Under Australian domestic law, an independent children's lawyer can be appointed. Where one has been appointed, such as here, the role of an independent children's lawyer is to deal impartially with the parties, ensure that any views expressed by the children are fully put before the Court, to analyse documentary, expert evidence and reports and to distil from that evidence significant matters for the purpose of properly drawing them to the Court’s attention. The independent children's lawyer is also under a specific duty to take steps to minimise for each of the children the trauma associated with proceedings[17] and to facilitate an agreed resolution of matters at issue in the proceedings to the extent that it is in the best interests of the children to do so.[18]
[17] Family Law Act 1975 (Cth) s 68LA(5)(d).
[18] Family Law Act 1975 (Cth) s 68LA(5)(e).
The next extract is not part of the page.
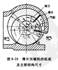滑片壓縮機(jī)的組成及主要結(jié)構(gòu)尺寸如圖8-23所示。

The views of the children have been accessible to the Court through the Independent Children's Lawyer’s submissions, but also through a lengthy report by Ms E, a family consultant in the employ of the Court. Finally, I am satisfied that I have jurisdiction to make the orders set out above on the basis that the father has consented to the authority of this Court to do so by instituting the parenting proceedings, which I have now decided.
I conclude that there should be no impediment to recognition of these orders pursuant to the Child Protection Convention.
I certify that the preceding twenty-nine (29) paragraphs are a true copy of the reasons for judgment of the Honourable Justice Bennett delivered on 22 December 2015.